I want to write about the value and beauty of children’s literature.  Now is not the time or place to write about the history of the genre; there are those far better able to do that than I am.  But I do deeply want to make the point that writing for children is not easy or simplistic; writing for children is harder, I think, than writing for adults.  I definitely believe that books written for children are far more valuable, page for page, than books written for adults.  Adults, when the newest literary blockbuster is published, will stand around at book launches ‘yah-yahing’ to one another over glasses of white wine, discussing the artistic and critical merit of the latest offering.  ‘Oh, it’s so postmodern‘, one will say, and nobody can contradict or agree because nobody has read it, or has any idea what it’s about.  Anyway, everyone goes home after the launch, full of wine, clutching their copies of the book (signed, hopefully); the book will be slotted neatly into the adult’s bookshelf, never to see the light of day again.  It won’t be brought home and loved.  Children can’t be bothered with this sort of thing.  Plus, they really shouldn’t be drinking wine.

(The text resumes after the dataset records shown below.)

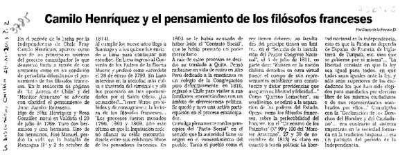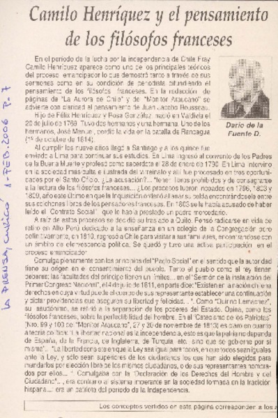 Camilo Henriquez y el pensamiento de los filosofos franceses [artículo] Darío de la Fuente D.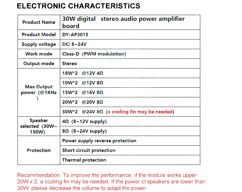 Dissipation Power: 30W * 2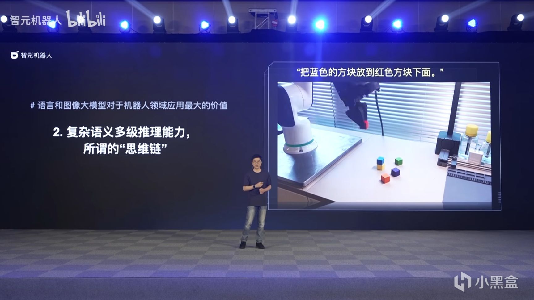 其次是複雜語義多級推理能力,大型語言和圖像模型具備複雜的語義理解和多級推理能力,也被稱爲「思維鏈」。例如,在一個視頻中,如果需要機器人將藍色方塊放在紅色方塊下方,這涉及到理解重力的概念和多級操作的過程。機器人需要通過推理來理解物體不會懸浮在空中,以及如何通過多個步驟來完成任務。這種多級推理的能力使得機器人能夠應對更復雜的任務和場景。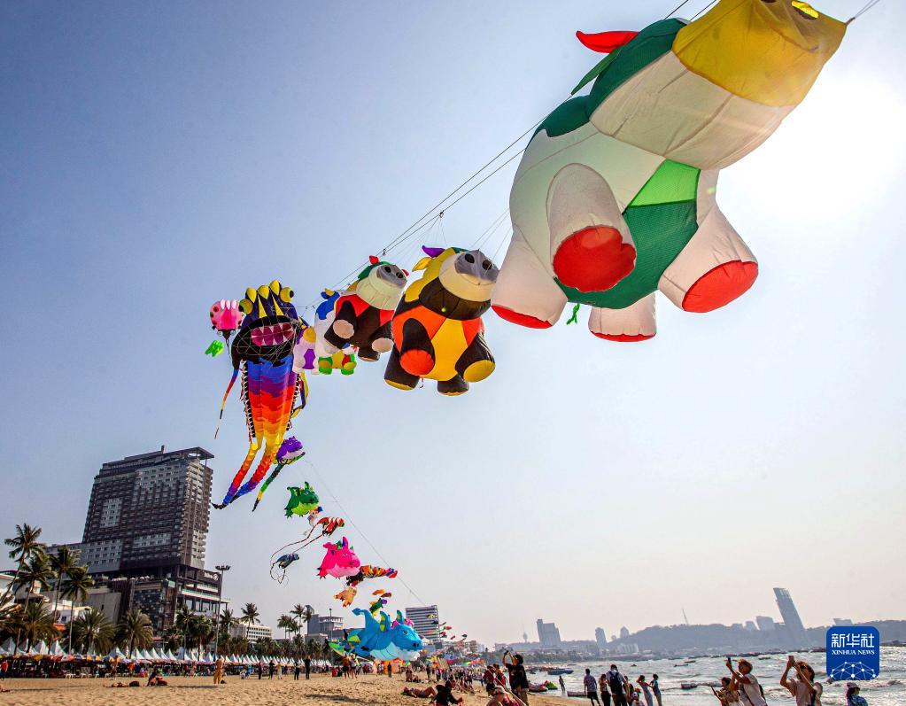 這是2月27日在泰國芭提雅海灘拍攝的大型風(fēng)箏。泰國芭提雅近日舉辦海灘風(fēng)箏節。
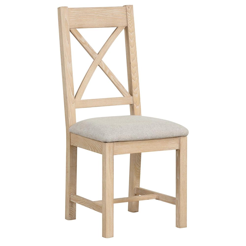 Item Code: WIL150 This stylish dining chair features a cross back design, which is cosy and comfortable due to its high back. For added comfort it has a light grey padded seat. Made from solid Ash and finished in our pale white-washed matt lacquer.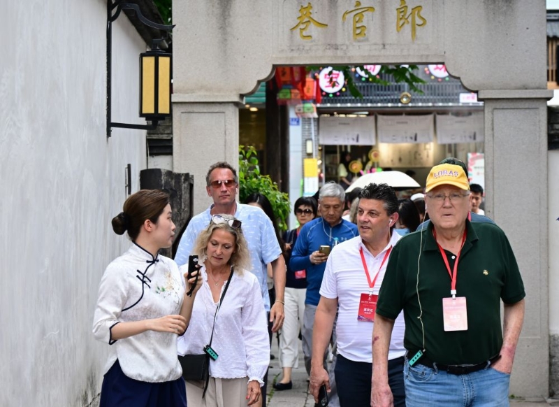 “鼓嶺之友”部分成員和中美各界人士在福州南后街三坊七巷參觀訪問(2023年6月27日攝)。新華社記者 魏培全 攝

If a children’s book doesn’t have a plot that makes you want to stay awake at night to finish reading, and characters that are so real you expect them to walk around the corner at any moment, and isn’t absolutely, water-tight believable, then you’re going to have a lot of children reading as far as chapter 3 or 4, before throwing the book to one side and moving on to something else.  The book can be set on a far-distant planet, or in a boarding school in deepest, darkest Scotland, or in an egg-shaped submersible twenty miles below the sea, or whatever.  The more outlandish the better, probably.  But it has to be perfect in terms of its ability to hold itself together.  Children don’t just read books because their parents/guardians like a particular author – the story has to be good.  All they’re interested in are books that make them feel as if they’ve been immersed into the world of the story – and that’s why I love those sort of books, and why I hope, very much, that I’ll be able to create books like this.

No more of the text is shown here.